Non è certo questa la realtà che sta sotto i cerimoniali sempre più vuoti, ma sempre più spettacolari, dei Vertici dei capi di governo dei cinque o dei sette paesi più industrializzati del mondo. Questi Vertici (che, come tutti i Vertici, ivi compresi quelli USA-URSS, rivestono un ruolo di direttorî quando ricorrono con una certa regolarità ed esercitano un certo controllo settoriale escludendo dalle decisioni i paesi meno forti) sono il tipico mezzo di espressione dell’imperialismo contemporaneo nella fase di transizione dal bipolarismo al multipolarismo, che crea per definizione una situazione in bilico tra l’egemonismo e l’anarchia internazionale (i Vertici attivi nelle integrazioni regionali costituiscono un caso a parte). Anche a questo riguardo c’è una singolare cecità. E’ stupefacente, ad esempio, come non si veda che un eventuale ordine monetario basato sul dollaro, lo yen e il marco tedesco impedirebbe la formazione di una moneta europea, facendo prevalere una tendenza imperialistica sulla tendenza — di per sé egualitaria per i paesi coinvolti — verso l’integrazione europea.
E’ con questi Vertici-direttorî, in ogni caso, che la potenza egemone in declino tenta di compensare la propria crescente impotenza mediante il coinvolgimento dei più importanti tra i suoi satelliti nel processo decisionale, nell’intento di avvalorare l’immagine di una collaborazione o addirittura di una integrazione tra le politiche economiche (e le politiche estere) della potenza egemone e quelle dei suoi alleati. La verità è che l’arroganza dei Vertici (si ricordi il vandalico scempio di cui è stata vittima la città di Venezia) maschera di fatto il contrario dell’integrazione, in quanto si propone l’impresa impossibile di risolvere i problemi di un’economia mondiale sempre più interdipendente attraverso la rissosa «collaborazione» tra una superpotenza — gli Stati Uniti — che non è più in grado di garantire con le sue sole forze l’ordine economico mondiale, e i più importanti tra i suoi satelliti, che hanno interessi diversi da quelli degli Stati Uniti e che, approfittando dell’indebolimento di questi ultimi, hanno acquisito l’autonomia sufficiente per sottrarsi parzialmente alla loro egemonia, ma non il peso necessario per esercitare le responsabilità che gli Americani hanno dovuto abbandonare.
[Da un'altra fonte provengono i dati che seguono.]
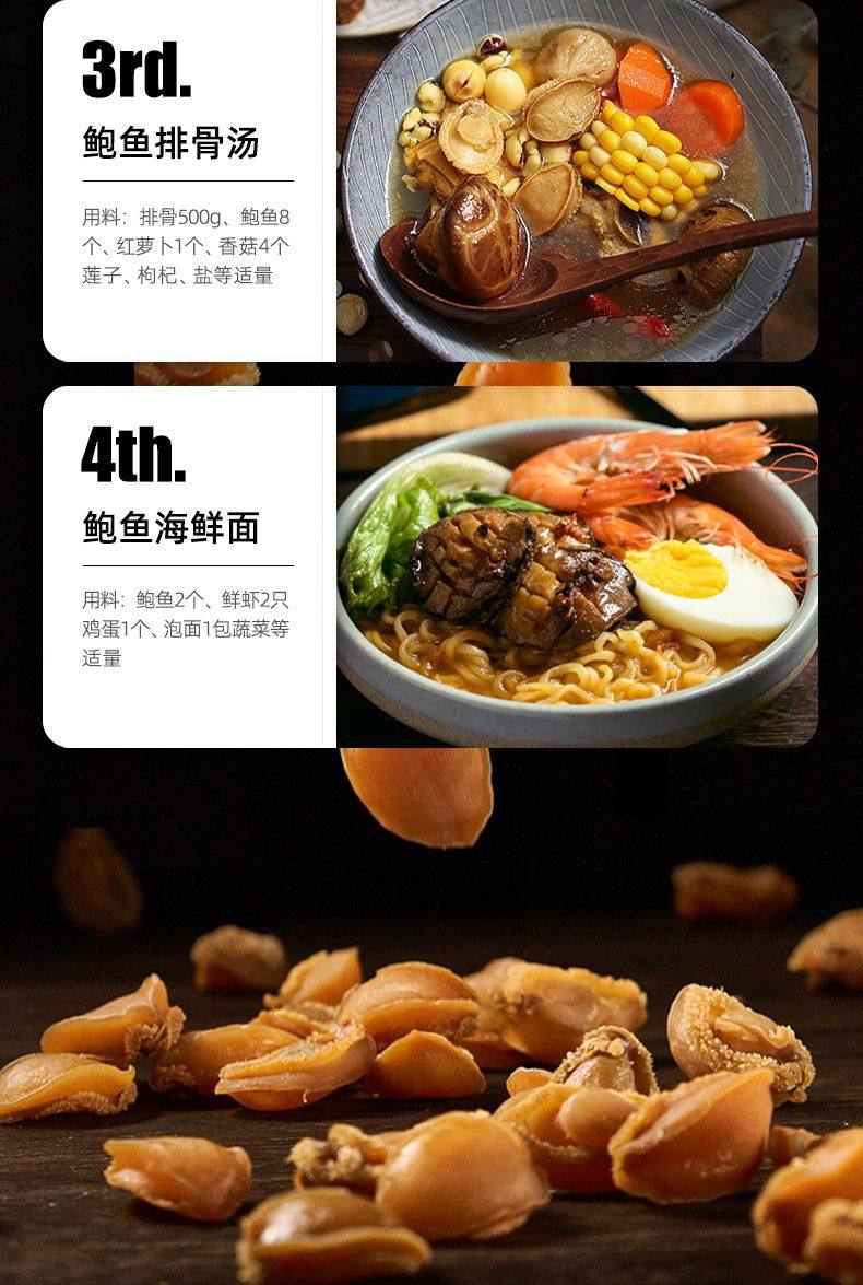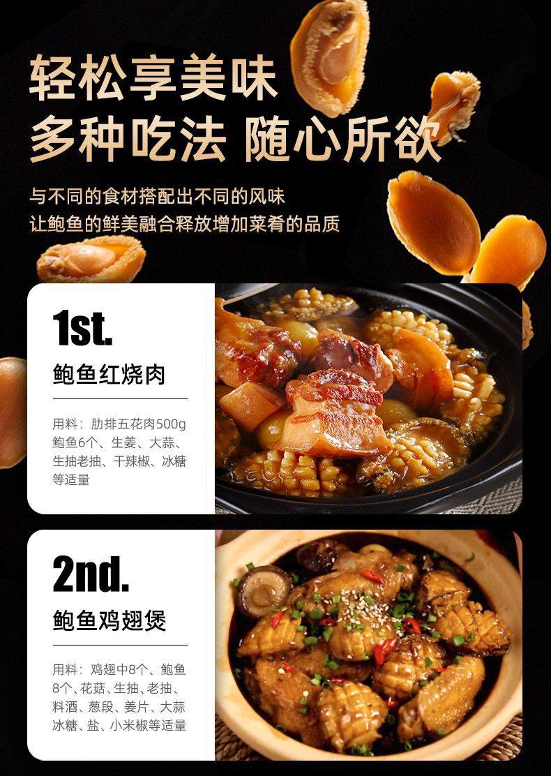 | Packaging specifications | Dried abalone (medium size) 50g [approximately 10-12 pieces] - [dongshan dried abalone] - crazy discount!,Large dried abalone 50g [approximately 5-6 pieces] - [dongshan dried abalone] - crazy discount!,Dried abalone (medium size) 100g [approximately 20-24 pieces] - [dongshan dried abalone] - crazy discount!,Large dried abalone 100g [approximately 10-12 pieces] - [dongshan dried abalone] - crazy discount!,Dried abalone (medium size) 250g [approximately 50-60 pieces] - [dongshan dried abalone] - crazy discount!,Large dried abalone 250g [about 25-30 pieces]-[dongshan dried abalone]-crazy discount,Extra large dried abalone 250g [approximately 19-20 pieces] - [dongshan dried abalone] - crazy discount!,Extra large dried abalone 250g [approximately 14-15 pieces] - [dongshan dried abalone] - crazy discount!,Dried abalone (medium size) 500g [approx. 100 pieces] - [dongshan dried abalone] - crazy discount!,Large dried abalone 500g [approximately 50-60 pieces] - [dongshan dried abalone] - crazy discount!,Extra large dried abalone 500g [about 38-40 pieces]-[dongshan dried abalone]-crazy discount,Extra large dried abalone 500g [about 28-30 pieces]-[dongshan dried abalone]-crazy discount |

L’impotenza dei Vertici e il loro carattere strutturalmente imperialista emergono chiaramente dalla circostanza che essi pretendono di governare l’economia mondiale escludendo sistematicamente sia l’Unione Sovietica che l’intero Terzo mondo, cioè quella stragrande maggioranza della popolazione mondiale dal cui destino dipende il destino di tutto il pianeta, e in particolare della sua parte industrializzata. Non si tratta quindi, come fa in genere la sinistra europea, di chiedere ai Vertici decisioni diverse e di contenuto più democratico e avanzato, perché è il metodo stesso dei Vertici che costituisce la negazione della democrazia, nella misura in cui esso si identifica nel tentativo, peraltro vano, di risolvere i problemi mondiali imponendo la supremazia di un piccolo numero di Stati sugli altri e quindi rafforzando l’apparenza, se non la sostanza, della sovranità dei primi. Si tratta quindi di imboccare il cammino opposto a quello dei Vertici, e di rendersi conto che il solo modo per avviare a soluzione il problema del governo del mondo è quello della creazione di poli di integrazione regionali, a cominciare dal polo europeo. Ciò comporta che si prenda chiaramente coscienza del fatto che la politica dei Vertici è alternativa a quella dell’integrazione europea e di ogni altra forma di integrazione regionale.